**Task to carry out**
Please restate, exactly, only the lines from the beginning of the listing below through the line containing "以上就是动态块制作的基本流程", with the pictures left out.

**Data for this task**

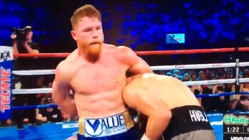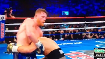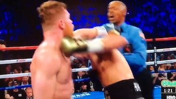 El insólito episodio tuvo lugar en el sexto round. Después de cruzar unos golpes, la cabeza del campeón defensor del título quedó debajo del brazo izquierdo de "Canelo", quien lo agarró como si fuese un movimiento de lucha libre.
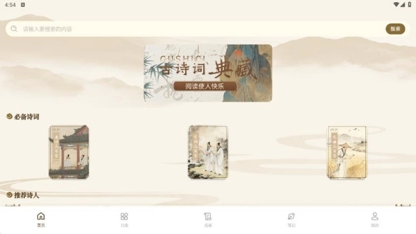 在首页浏览必备诗词、推荐词人等板块的内容,阅读诗词。
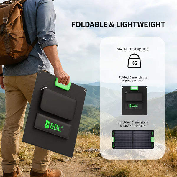 EBL Solar Apollo 100W Portable Solar Panel: Upgraded for 240/300/330W/500/1000/1500/2000 Power Station, with Adjustable Kickstand and Parallel Cable, Waterproof IP65 for Outdoor Camping Hiking RV Trip
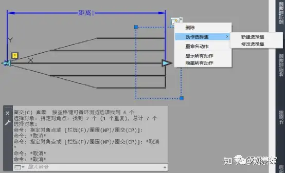 以上就是动态块制作的基本流程。当然,仅有拉伸是远远不够的,在拉伸的基础上,再叠加旋转参数,才会让动态块的使用更灵活。旋转参数的添加步骤,与上面提到的步骤完全一致,只是在第4步,添加图块时,可以将“距离1”参数,当做是图块的一部分,进行选中,之后就可以整体旋转并且可以随意拉伸。具体步骤不再赘述,最终效果如下:
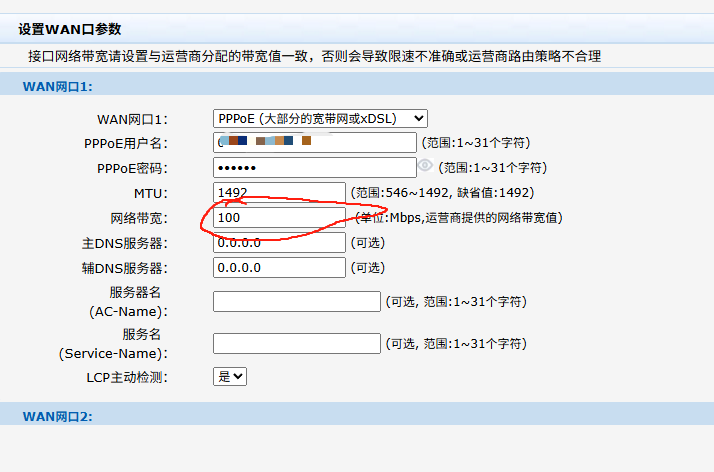 ER3200G2路由器,有两条宽带,一条1000兆,一条200兆,同样是电信运营商,配置WAN口的适合,这个位置网络带宽需要按线路填写吗?一个填1000,一个填200。
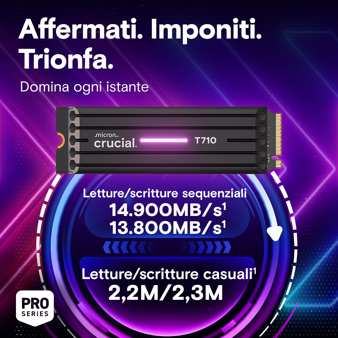 Crucial è all’avanguardia nelle soluzioni di archiviazione Gen5 ad altissima velocità, progettate per le massime prestazioni. Il T710 incarna l’innovazione di Crucial e ridefinisce i limiti del possibile in tema di gaming, creatività e molto altro.
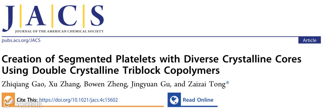 上述研究工作以“Creation of Segmented Platelets with Diverse Crystalline Cores using Double Crystalline Triblock Copolymers”为题发表在《Journal of the American Chemical Society》期刊上,DOI:10.1021/jacs.4c15602。浙江理工大学材料科学与工程学院硕士高智强为第一作者,童再再教授为通讯作者。该研究工作得到了国家自然科学基金以及浙江理工大学基本科研业务费专项资金的资助。
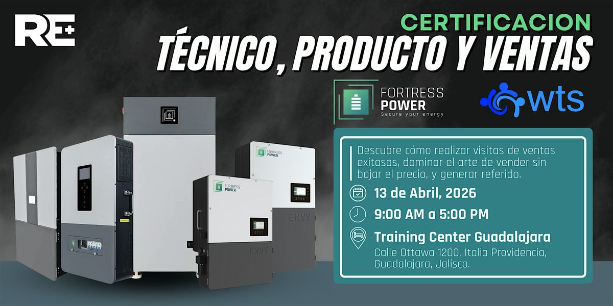 Participa en la Certificación de Producto y Ventas Fortress Power en Guadalajara, Jalisco, México. Aprende de la experta: Luisa Fernanda Medel, en un evento exclusivo para fortalecer tus conocimientos sobre energía solar y soluciones de almacenamiento junto a World Technology Supply.
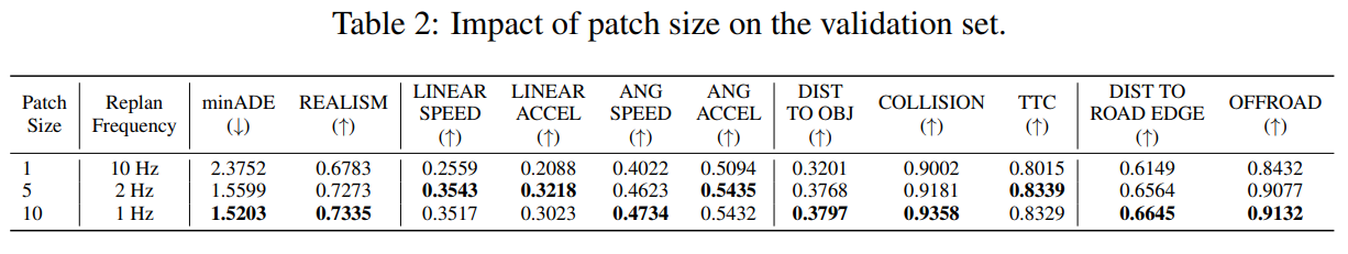 예를 들어 validation에서 patch size 1 → minADE 2.3752, REALISM 0.6783, patch size 10 → minADE 1.5203, REALISM 0.7335로 좋아짐, 저자들은 이를 통해 NP3가 장기 reasoning에 도움을 준다고 해석함
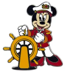 Captain Minnie at the wheel is an Open Edition pin from the Disney Cruise Line pin series. It was originally released on , 2024 and was available from Disney Cruise Line .
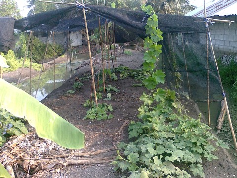 ลองมองอีกด้านนึง...ต้นฟักหอมเลี้อยขึ้นไปซะแล้ว ข้างในนี้มีอะไรวุ่นวายไปหมด ทั้งมะเขือ บวบหอม บวบเหลี่ยม ถั่วพร้า หน่อไม้ฝรั่ง แครอท ดอกไม้ ผักปลัง น้ำเต้า พื้นที่นิดเดียว ปลูกอย่างกับที่เป็นสิบไร่

**Response**
 El insólito episodio tuvo lugar en el sexto round. Después de cruzar unos golpes, la cabeza del campeón defensor del título quedó debajo del brazo izquierdo de "Canelo", quien lo agarró como si fuese un movimiento de lucha libre.
 在首页浏览必备诗词、推荐词人等板块的内容,阅读诗词。
 EBL Solar Apollo 100W Portable Solar Panel: Upgraded for 240/300/330W/500/1000/1500/2000 Power Station, with Adjustable Kickstand and Parallel Cable, Waterproof IP65 for Outdoor Camping Hiking RV Trip
 以上就是动态块制作的基本流程。当然,仅有拉伸是远远不够的,在拉伸的基础上,再叠加旋转参数,才会让动态块的使用更灵活。旋转参数的添加步骤,与上面提到的步骤完全一致,只是在第4步,添加图块时,可以将“距离1”参数,当做是图块的一部分,进行选中,之后就可以整体旋转并且可以随意拉伸。具体步骤不再赘述,最终效果如下:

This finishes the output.